Years ago my friend Robin's husband, a potter, gave me a brown beanpot that he made. Robin was kind of annoyed (she wanted to keep it) but maybe she'd feel better to know that I still have that pot and wouldn't make baked beans without it. This recipe is pretty typical; the author says it is from his great-aunt Josephine from Norway (Norway, Maine, that is!) and I've used it as long as I've had the beanpot.

(Source: The Peasant Gourmet, Jonathan Bartlett. McGraw-Hill, 1975)
2 c dried beans (Josephine likes red kidney beans, I prefer Great Northern)
1 medium onion
1/2 lb salt pork (I used about 1/4 lb cheap bacon)
2 T brown sugar (I use 3 T)
2 tsp mustard (dried)
1/4 tsp pepper
1 tsp salt
1/4 c molasses (I use 3 T)

Wash the beans and cover them with water and about 3" more. Soak overnight. In the morning, simmer slowly until the skins wrinkle- about 1 hr or so. (Josephine says the beans are done if the skin breaks when you blow on the beans.) Drain the beans, saving the water, which should be kept hot. Put the onion in the bottom of the beanpot (I cut it in quarters first); add the beans. Score the salt pork (chop the bacon) and place into a depression in the beans. Mix the brown sugar, mustard, pepper, salt, and molasses and add to the beans.

Add enough of the hot bean water to cover the beans, put the top on the bean pot, and bake at 450 deg for 3 hr (personally, I think 2 hr at 450 deg is long enough), then 325 deg for another 4 hr. Look at the beans every hour to make sure you can see the water, adding hot bean water as needed so they don't dry out. Remove the cover during the last hour so that the beans aren't too wet. Serves 6.

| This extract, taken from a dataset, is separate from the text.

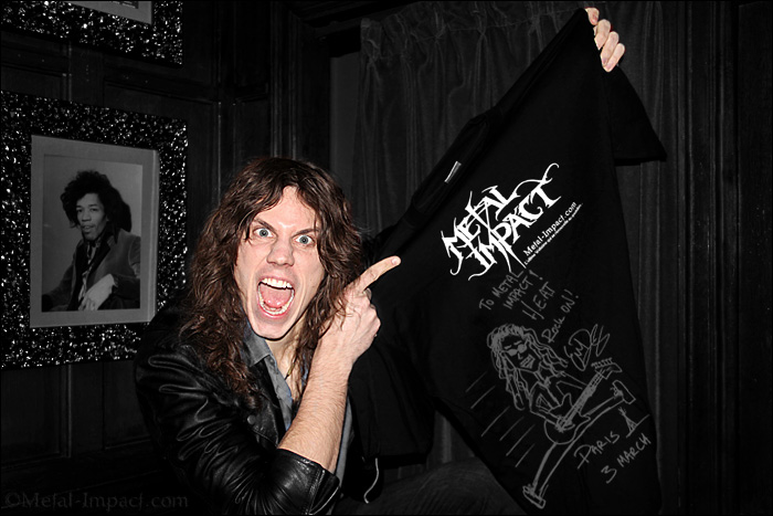 Si EUROPE et TREAT ont dominé le marché suédois pendant de nombreuses années, H.E.A.T un autre combo du même giron semble s'imposer depuis quelques temps et vouloir assurer leur succession. Le gang a débuté en 2007 et pratique un Hard Rock mélodique des plus classiques mais d'une redoutable efficacité grâce notamment à des refrains très accrocheurs qui déambulent sans discontinuer dans votre cerveau. Tout a été très vite pour eux puisque leur premier opus déboule dans les bacs en 2008, ce qui leur permet de tourner intensivement en ouvrant pour des légendes comme Alice Cooper ou encore THIN LIZZY. En 2009, ils ouvrent pour EDGUY sur toute leur tournée européenne et participent au concours de sélection de l'Eurovision avec le morceau "1000 Miles" qui deviendra très rapidement un hit en Suède et leur offrira une couverture médiatique exceptionnelle. Leur deuxième album Freedom Rock confirme qu'ils ne sont pas là par hasard et qu'il faudra désormais compter sur eux. Pourtant si en apparence le combo semble aller pour le mieux, c'est loin d'être le cas en interne. Suite à de nombreuses tensions, leur chanteur Kenny Leckremo quitte définitivement le navire en 2010 laissant H.E.A.T dans le désarroi le plus total. Un vrai coup dur qui aurait pu leur être fatal. Heureusement, nos suédois ne se laissent pas abattre et vont se mettre très vite à la recherche d'un remplaçant. Après de nombreuses auditions, ils découvrent la perle rare en la personne d'Erik Grönwall, le gagnant de l'émission de télé réalité The Swedish Idol. Celui-ci est convaincu d'entrée par le potentiel de H.E.A.T et choisi de renoncer à une carrière solo pour intégrer la formation. Après le recrutement de Erik, tout va aller très vite et nos amis signent un contrat avec Gain/Sony Music. Un vrai plus qui va leur offrir l'opportunité d'entrer en studio avec Tobias Lindel, un producteur de renom qui a notamment travaillé avec EUROPE. Ils enregistrent avec lui leur troisième galette (Adress The Nation) qui va leur permettre de révéler tout leur potentiel et de tourner intensivement en Europe. Ils participent aussi à de nombreux festivals dont le légendaire Firefest et s'embarquent pour une tournée dantesque en Chine qui leur laissera un impérissable souvenir. En 2013, ils retournent en studio avec Tobias Lindell afin de donner un digne successeur à Adress The Nation alors qu'au même moment Dave Dalone, le deuxième guitariste, quitte la formation après six ans de bons et loyaux services. Il ne sera pas remplacé, Eric Rivers assurant dès lors toutes les parties de guitares seul, que ce soit sur scène ou en studio. Tearing Down The Wall sort en mars 2014 et reste dans la ligné des précédents méfaits en offrant un Hard Rock de grande classe puissant et racé qui lorgne vers le Rock Us. Profitant de leur passage à Paris pour assurer la promotion de leur petit dernier, MI a pu s'entretenir avec Eric Rivers guitariste et fondateur de H.E.A.T. Rencontre avec un garçon sympathique, très enthousiaste et visiblement très heureux d'être à Paris. Magnéto Eric, c'est à toi !

NOTE: The beans should be essentially cooked before you put them in the oven. The water the beans boiled in should be used to wet them during baking because it contains a lot of the starch that binds them. If you add baking soda (1-2 tsp)to the bean water while soaking/cooking, it will reduce the gassiness of the beans. Seems to work, so I do. Be careful about how much you add though; baking soda has sodium and is salty.